### [INSTRUCTIONS TO FOLLOW]
Beginning with the line containing "Fototapet Animale cu" and ending at the last line of the data, set down every line exactly, leaving out all pictures.

### [THE DATA]
⟨
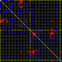 This matrix displays the maximum distance fluctuations between all pairs of CA atoms and between the two extreme conformations that were computed for this mode (DQMIN/DQMAX). Distance increases are plotted in blue and decreases in red for the strongest 10% of the residue pair distance changes. Every pixel corresponds to a single residue. Grey lines are drawn every 10 residues, yellow lines every 100 residues (counting from the upper left corner).
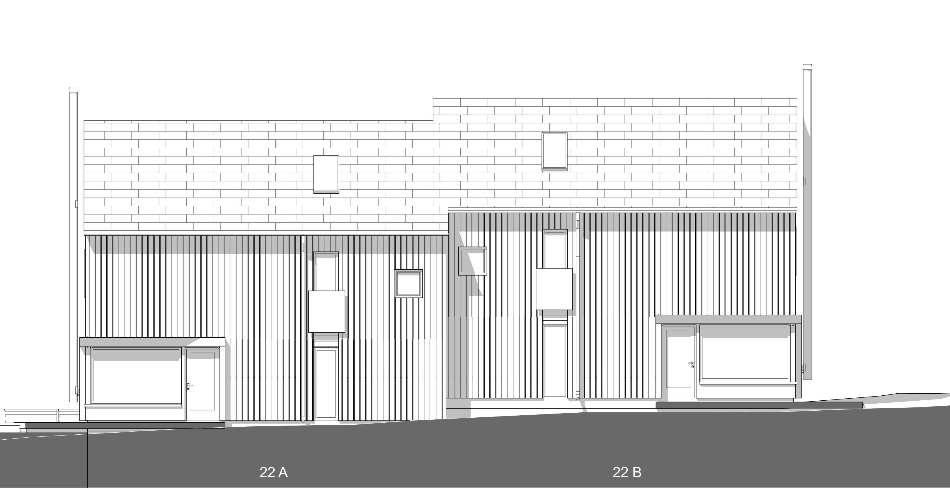 Tomannsboligene har tradisjonell saltaksform og trekledning, men med skarp takvinkel og knappe takutstikk fremstår boligene som moderne, men solide.
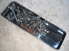 (6月10日)ハンドル周りのスイッチ類やウインカーを除去。そして汚いエンジンを工具をドロドロにしながら降ろしました。エンジンは、3時間ほどかけて銀色が見える状態まで洗剤&ブラシ掃除完了。ジェネレーターに水入りまくったかも(^_^;)
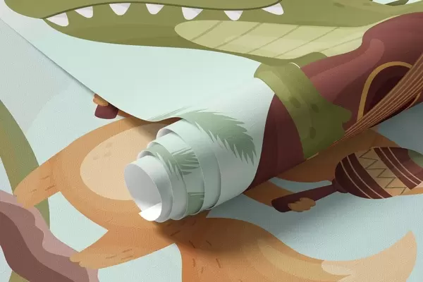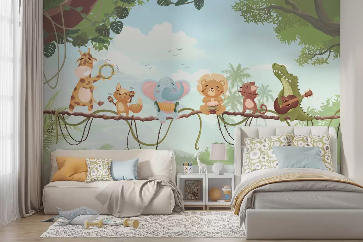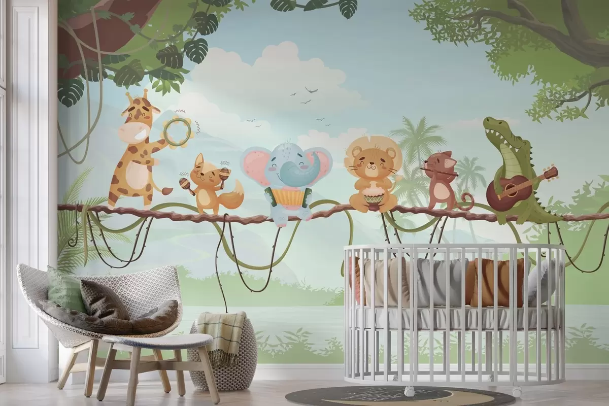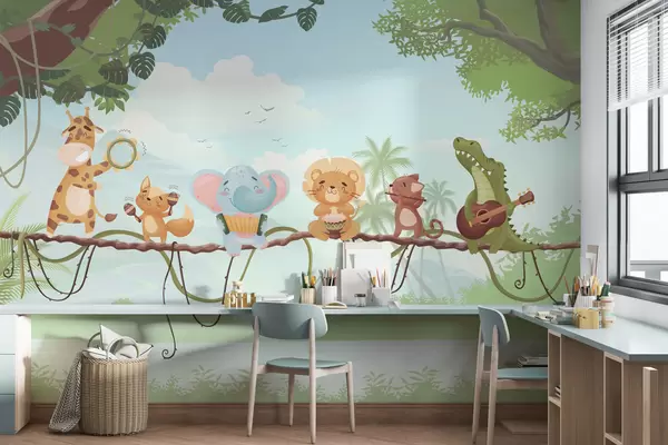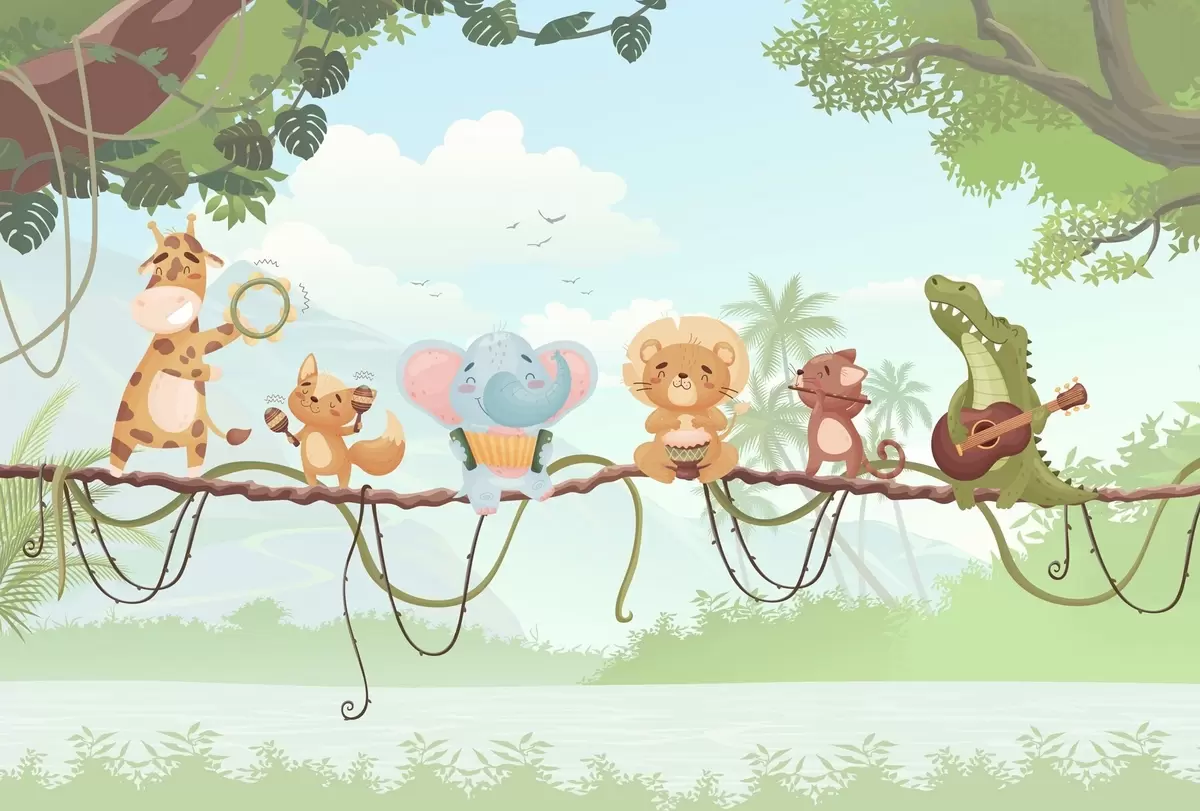 Fototapet Animale cu instrumente muzicale pe fundalul unui peisaj tropical Nr. w04505
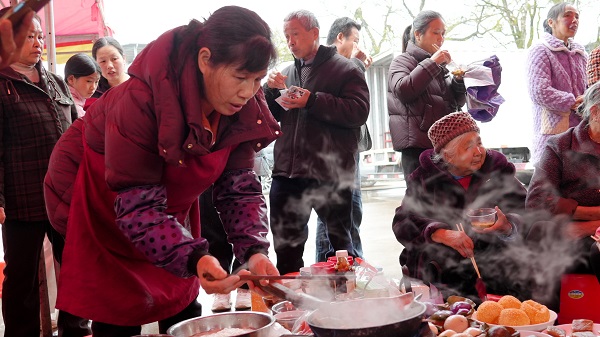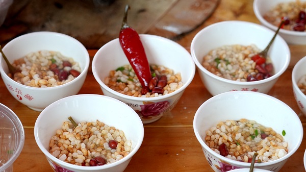 “茶嘎奶奶茶嘎婆,端起瓶子话头多;一日三餐打油茶,没得油茶睡不着。”这首在顺溪村广为流传的民谣,道出了村民们对油茶的深厚情感。比赛现场,来自各屯的“茶嘎奶奶”和巧手媳妇们纷纷亮出绝活,从炒制、捶打到熬煮、调配,一招一式尽显传统技艺的精髓。铁锅翻炒的沙沙声、木槌敲击的清脆声此起彼伏,鲜茶叶、老姜、大蒜、绿豆在巧手中交融升华,一碗碗色泽金黄、香气四溢的灌阳油茶接连出锅,引得现场观众频频点赞。
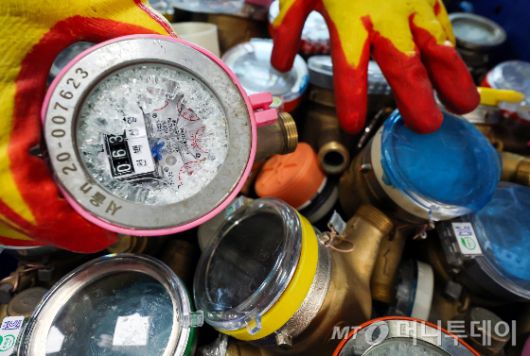 서울 전역에 한파주의보가 내려진 21일 서울 강북구 서울북부수도사업소에서 수도계량기 교체반 직원이 동파된 수도계량기를 정리하고 있다./사진제공=뉴스1 |
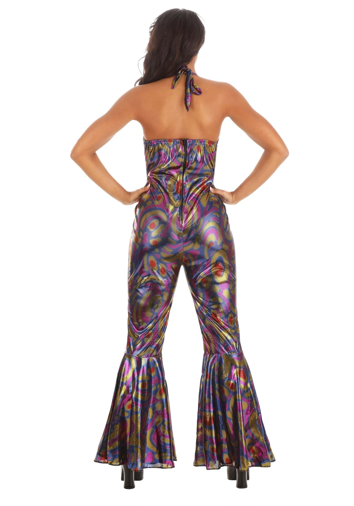 Our Women’s Sexy Disco Jumpsuit Costumes offers exactly that! With a sleek shape, outstanding color pattern, and tons of shimmer, we’re sure it’ll have you ready to shine on dance floors, on Halloween streets, and at every groovy venue.
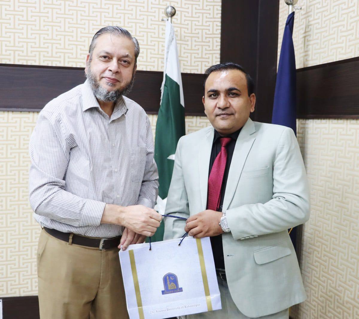 Vice Chancellor Prof. Dr. Zahid Hussain Khand and Prof. Dr. Zamir Ahmed Abro, Dean, Faculty of Design, Aror University of Art, Architecture, Design & Heritage, Sukkur, Sindh, visited the Islamia University of Bahawalpur.
⟩
### [WRITTEN REPLY]
 Fototapet Animale cu instrumente muzicale pe fundalul unui peisaj tropical Nr. w04505
 “茶嘎奶奶茶嘎婆,端起瓶子话头多;一日三餐打油茶,没得油茶睡不着。”这首在顺溪村广为流传的民谣,道出了村民们对油茶的深厚情感。比赛现场,来自各屯的“茶嘎奶奶”和巧手媳妇们纷纷亮出绝活,从炒制、捶打到熬煮、调配,一招一式尽显传统技艺的精髓。铁锅翻炒的沙沙声、木槌敲击的清脆声此起彼伏,鲜茶叶、老姜、大蒜、绿豆在巧手中交融升华,一碗碗色泽金黄、香气四溢的灌阳油茶接连出锅,引得现场观众频频点赞。
 서울 전역에 한파주의보가 내려진 21일 서울 강북구 서울북부수도사업소에서 수도계량기 교체반 직원이 동파된 수도계량기를 정리하고 있다./사진제공=뉴스1 |
 Our Women’s Sexy Disco Jumpsuit Costumes offers exactly that! With a sleek shape, outstanding color pattern, and tons of shimmer, we’re sure it’ll have you ready to shine on dance floors, on Halloween streets, and at every groovy venue.
 Vice Chancellor Prof. Dr. Zahid Hussain Khand and Prof. Dr. Zamir Ahmed Abro, Dean, Faculty of Design, Aror University of Art, Architecture, Design & Heritage, Sukkur, Sindh, visited the Islamia University of Bahawalpur.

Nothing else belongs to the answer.